START Information given

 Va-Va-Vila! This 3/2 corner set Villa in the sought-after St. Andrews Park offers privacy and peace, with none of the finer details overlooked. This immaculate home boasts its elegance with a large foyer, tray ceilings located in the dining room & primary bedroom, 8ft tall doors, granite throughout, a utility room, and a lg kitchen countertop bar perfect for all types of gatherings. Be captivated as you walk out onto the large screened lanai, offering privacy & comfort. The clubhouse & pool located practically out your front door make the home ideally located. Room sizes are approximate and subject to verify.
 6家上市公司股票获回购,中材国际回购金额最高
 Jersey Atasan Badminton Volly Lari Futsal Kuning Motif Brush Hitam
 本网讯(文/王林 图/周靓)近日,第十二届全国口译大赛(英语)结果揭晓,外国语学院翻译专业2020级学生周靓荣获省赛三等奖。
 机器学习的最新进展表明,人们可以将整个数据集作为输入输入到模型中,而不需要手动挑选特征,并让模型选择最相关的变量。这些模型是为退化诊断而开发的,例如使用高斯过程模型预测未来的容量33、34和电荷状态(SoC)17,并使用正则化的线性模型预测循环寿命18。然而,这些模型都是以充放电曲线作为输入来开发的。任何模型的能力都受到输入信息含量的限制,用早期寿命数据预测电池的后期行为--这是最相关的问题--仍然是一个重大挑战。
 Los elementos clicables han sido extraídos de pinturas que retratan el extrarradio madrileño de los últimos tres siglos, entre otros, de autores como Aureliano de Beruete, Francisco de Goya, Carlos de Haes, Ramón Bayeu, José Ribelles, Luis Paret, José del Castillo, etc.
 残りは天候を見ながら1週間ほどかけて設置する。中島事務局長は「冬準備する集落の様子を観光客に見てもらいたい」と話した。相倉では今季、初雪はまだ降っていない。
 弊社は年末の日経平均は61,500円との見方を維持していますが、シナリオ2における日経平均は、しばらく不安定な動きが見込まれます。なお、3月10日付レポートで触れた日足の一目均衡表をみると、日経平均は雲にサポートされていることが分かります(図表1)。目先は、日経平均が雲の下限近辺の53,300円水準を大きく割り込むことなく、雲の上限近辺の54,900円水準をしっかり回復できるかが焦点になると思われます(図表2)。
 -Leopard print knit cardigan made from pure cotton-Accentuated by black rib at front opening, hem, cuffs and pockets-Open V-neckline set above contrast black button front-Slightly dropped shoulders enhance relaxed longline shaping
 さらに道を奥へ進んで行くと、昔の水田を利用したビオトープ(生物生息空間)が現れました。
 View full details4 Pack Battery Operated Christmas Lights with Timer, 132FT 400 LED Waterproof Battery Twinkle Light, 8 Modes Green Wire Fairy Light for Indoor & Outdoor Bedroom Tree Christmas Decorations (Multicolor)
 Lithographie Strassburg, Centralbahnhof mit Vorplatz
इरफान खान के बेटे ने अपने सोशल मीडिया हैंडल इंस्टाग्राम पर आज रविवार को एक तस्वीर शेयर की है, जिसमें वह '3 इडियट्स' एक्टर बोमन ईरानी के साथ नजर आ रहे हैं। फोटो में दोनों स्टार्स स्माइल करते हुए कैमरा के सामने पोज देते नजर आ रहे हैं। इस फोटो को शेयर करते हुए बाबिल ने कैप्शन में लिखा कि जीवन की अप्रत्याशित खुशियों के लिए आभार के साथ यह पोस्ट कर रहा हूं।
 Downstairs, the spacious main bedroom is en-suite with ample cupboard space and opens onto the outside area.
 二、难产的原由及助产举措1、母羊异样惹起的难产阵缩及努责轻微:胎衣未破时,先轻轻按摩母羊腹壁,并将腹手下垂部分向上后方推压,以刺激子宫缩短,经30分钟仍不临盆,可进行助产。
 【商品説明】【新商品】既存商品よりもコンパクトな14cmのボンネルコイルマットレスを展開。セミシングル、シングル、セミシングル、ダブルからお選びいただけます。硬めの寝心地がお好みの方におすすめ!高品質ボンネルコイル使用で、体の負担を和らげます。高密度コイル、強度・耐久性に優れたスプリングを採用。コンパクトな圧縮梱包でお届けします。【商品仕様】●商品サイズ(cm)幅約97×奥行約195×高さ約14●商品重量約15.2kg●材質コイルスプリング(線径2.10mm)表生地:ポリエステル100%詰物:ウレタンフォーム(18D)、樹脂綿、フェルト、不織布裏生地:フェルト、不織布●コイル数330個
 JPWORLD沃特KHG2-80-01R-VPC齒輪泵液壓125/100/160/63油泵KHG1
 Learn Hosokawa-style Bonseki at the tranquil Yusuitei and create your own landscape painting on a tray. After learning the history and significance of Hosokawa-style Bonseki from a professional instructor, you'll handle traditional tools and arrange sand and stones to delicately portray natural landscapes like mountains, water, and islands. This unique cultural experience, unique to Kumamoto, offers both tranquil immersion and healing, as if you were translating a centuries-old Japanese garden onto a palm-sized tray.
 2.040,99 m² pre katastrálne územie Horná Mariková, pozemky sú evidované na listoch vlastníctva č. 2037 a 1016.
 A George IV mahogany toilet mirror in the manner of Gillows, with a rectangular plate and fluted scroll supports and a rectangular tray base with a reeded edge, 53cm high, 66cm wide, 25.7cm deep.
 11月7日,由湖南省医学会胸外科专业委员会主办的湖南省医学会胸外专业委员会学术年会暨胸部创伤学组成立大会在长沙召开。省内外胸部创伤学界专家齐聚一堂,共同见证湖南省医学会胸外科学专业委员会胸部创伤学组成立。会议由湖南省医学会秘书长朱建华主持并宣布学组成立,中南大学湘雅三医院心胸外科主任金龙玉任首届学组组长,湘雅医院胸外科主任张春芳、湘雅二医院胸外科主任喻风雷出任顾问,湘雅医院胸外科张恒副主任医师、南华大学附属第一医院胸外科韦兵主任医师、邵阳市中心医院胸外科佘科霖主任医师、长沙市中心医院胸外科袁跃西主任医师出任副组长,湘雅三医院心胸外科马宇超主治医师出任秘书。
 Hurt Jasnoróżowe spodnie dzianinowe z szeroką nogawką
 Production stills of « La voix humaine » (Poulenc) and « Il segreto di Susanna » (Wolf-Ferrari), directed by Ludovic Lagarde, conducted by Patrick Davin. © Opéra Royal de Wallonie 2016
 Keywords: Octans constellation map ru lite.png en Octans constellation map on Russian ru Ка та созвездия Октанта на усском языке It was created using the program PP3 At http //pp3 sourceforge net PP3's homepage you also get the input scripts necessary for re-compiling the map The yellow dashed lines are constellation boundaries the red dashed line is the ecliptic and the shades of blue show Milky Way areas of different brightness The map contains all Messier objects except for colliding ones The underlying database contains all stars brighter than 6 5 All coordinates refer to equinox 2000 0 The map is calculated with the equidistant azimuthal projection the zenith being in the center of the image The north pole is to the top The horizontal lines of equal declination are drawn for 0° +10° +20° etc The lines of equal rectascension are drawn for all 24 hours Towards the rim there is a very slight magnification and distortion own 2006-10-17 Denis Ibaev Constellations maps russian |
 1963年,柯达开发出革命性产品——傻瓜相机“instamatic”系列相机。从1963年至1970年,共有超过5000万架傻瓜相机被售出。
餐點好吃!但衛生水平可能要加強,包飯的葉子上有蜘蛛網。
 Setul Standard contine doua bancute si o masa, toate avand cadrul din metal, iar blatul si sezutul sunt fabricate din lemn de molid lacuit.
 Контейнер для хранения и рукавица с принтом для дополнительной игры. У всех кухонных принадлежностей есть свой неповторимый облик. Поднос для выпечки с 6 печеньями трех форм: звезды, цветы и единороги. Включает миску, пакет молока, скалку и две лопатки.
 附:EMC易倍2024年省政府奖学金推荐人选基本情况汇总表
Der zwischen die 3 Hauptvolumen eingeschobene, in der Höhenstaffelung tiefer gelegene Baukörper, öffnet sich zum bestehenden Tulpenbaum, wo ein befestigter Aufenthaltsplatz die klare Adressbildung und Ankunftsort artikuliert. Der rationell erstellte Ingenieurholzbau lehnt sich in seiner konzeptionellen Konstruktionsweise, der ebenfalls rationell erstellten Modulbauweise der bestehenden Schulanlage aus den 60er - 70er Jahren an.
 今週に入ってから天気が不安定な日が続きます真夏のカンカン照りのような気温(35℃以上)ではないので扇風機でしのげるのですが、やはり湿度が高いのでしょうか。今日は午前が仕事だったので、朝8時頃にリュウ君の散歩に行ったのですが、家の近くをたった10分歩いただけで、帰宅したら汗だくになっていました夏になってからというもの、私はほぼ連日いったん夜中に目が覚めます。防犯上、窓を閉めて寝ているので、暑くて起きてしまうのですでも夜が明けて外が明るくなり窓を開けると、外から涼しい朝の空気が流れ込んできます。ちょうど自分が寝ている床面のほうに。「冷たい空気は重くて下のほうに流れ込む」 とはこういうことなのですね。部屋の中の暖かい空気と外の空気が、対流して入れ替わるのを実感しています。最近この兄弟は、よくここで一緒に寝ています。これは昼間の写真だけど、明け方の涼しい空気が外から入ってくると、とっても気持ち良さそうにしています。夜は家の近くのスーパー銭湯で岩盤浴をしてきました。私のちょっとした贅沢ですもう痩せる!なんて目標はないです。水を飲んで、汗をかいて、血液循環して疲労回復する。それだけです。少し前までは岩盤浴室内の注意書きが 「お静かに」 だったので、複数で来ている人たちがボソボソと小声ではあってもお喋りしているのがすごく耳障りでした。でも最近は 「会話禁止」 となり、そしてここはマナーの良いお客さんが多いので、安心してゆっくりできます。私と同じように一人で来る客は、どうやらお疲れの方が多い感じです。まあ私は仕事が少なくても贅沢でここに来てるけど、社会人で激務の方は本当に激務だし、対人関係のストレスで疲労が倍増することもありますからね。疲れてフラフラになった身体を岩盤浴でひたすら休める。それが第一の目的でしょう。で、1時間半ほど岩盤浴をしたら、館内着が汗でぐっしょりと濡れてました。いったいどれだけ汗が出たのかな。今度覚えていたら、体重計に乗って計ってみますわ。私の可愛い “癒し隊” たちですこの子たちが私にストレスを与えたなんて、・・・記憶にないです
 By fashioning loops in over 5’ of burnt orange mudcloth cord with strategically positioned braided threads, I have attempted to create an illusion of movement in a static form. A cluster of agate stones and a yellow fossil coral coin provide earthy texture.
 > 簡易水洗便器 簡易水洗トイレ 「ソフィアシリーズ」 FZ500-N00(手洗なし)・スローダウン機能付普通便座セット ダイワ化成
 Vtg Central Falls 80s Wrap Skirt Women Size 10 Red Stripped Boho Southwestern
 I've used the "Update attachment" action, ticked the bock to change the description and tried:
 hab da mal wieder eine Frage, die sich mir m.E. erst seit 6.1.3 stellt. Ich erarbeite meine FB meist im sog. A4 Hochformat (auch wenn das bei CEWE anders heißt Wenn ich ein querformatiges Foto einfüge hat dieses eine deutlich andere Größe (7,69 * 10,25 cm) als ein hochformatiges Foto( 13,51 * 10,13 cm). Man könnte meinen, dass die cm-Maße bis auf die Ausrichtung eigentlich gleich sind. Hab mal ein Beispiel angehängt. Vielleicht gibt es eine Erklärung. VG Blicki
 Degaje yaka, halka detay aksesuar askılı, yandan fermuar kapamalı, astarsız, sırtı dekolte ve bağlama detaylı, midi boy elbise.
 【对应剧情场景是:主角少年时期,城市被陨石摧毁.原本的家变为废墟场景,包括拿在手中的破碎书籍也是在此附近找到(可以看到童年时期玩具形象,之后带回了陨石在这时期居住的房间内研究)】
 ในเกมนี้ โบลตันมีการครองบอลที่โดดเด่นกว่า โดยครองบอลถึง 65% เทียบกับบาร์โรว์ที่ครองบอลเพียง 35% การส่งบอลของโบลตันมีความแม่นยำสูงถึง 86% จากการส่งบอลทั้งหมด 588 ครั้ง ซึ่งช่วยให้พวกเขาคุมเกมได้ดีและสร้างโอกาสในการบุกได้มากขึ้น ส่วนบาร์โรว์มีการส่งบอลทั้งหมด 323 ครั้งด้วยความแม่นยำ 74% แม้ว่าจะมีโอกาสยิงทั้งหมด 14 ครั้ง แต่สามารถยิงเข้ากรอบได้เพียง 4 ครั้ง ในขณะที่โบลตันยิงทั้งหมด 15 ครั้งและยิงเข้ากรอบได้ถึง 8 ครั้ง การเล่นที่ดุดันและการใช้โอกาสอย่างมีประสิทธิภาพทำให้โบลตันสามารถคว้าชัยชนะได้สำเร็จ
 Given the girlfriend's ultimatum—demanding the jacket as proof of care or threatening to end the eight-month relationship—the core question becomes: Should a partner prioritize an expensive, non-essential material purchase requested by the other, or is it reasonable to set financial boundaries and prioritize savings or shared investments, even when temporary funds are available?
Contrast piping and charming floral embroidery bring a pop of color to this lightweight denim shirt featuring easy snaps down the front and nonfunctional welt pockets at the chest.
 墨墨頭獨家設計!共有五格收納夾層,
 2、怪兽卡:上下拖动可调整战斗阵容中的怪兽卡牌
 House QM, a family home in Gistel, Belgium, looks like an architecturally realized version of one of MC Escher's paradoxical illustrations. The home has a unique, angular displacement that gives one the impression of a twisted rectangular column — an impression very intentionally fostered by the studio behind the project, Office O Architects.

END Information given

### To do
The entries above hold a line with "本网讯(文/王林 图/周靓)" and a later line with "इरफान खान के". Write out exactly those lines and all lines between, nothing more.

### Reply
 本网讯(文/王林 图/周靓)近日,第十二届全国口译大赛(英语)结果揭晓,外国语学院翻译专业2020级学生周靓荣获省赛三等奖。
 机器学习的最新进展表明,人们可以将整个数据集作为输入输入到模型中,而不需要手动挑选特征,并让模型选择最相关的变量。这些模型是为退化诊断而开发的,例如使用高斯过程模型预测未来的容量33、34和电荷状态(SoC)17,并使用正则化的线性模型预测循环寿命18。然而,这些模型都是以充放电曲线作为输入来开发的。任何模型的能力都受到输入信息含量的限制,用早期寿命数据预测电池的后期行为--这是最相关的问题--仍然是一个重大挑战。
 Los elementos clicables han sido extraídos de pinturas que retratan el extrarradio madrileño de los últimos tres siglos, entre otros, de autores como Aureliano de Beruete, Francisco de Goya, Carlos de Haes, Ramón Bayeu, José Ribelles, Luis Paret, José del Castillo, etc.
 残りは天候を見ながら1週間ほどかけて設置する。中島事務局長は「冬準備する集落の様子を観光客に見てもらいたい」と話した。相倉では今季、初雪はまだ降っていない。
 弊社は年末の日経平均は61,500円との見方を維持していますが、シナリオ2における日経平均は、しばらく不安定な動きが見込まれます。なお、3月10日付レポートで触れた日足の一目均衡表をみると、日経平均は雲にサポートされていることが分かります(図表1)。目先は、日経平均が雲の下限近辺の53,300円水準を大きく割り込むことなく、雲の上限近辺の54,900円水準をしっかり回復できるかが焦点になると思われます(図表2)。
 -Leopard print knit cardigan made from pure cotton-Accentuated by black rib at front opening, hem, cuffs and pockets-Open V-neckline set above contrast black button front-Slightly dropped shoulders enhance relaxed longline shaping
 さらに道を奥へ進んで行くと、昔の水田を利用したビオトープ(生物生息空間)が現れました。
 View full details4 Pack Battery Operated Christmas Lights with Timer, 132FT 400 LED Waterproof Battery Twinkle Light, 8 Modes Green Wire Fairy Light for Indoor & Outdoor Bedroom Tree Christmas Decorations (Multicolor)
 Lithographie Strassburg, Centralbahnhof mit Vorplatz
इरफान खान के बेटे ने अपने सोशल मीडिया हैंडल इंस्टाग्राम पर आज रविवार को एक तस्वीर शेयर की है, जिसमें वह '3 इडियट्स' एक्टर बोमन ईरानी के साथ नजर आ रहे हैं। फोटो में दोनों स्टार्स स्माइल करते हुए कैमरा के सामने पोज देते नजर आ रहे हैं। इस फोटो को शेयर करते हुए बाबिल ने कैप्शन में लिखा कि जीवन की अप्रत्याशित खुशियों के लिए आभार के साथ यह पोस्ट कर रहा हूं।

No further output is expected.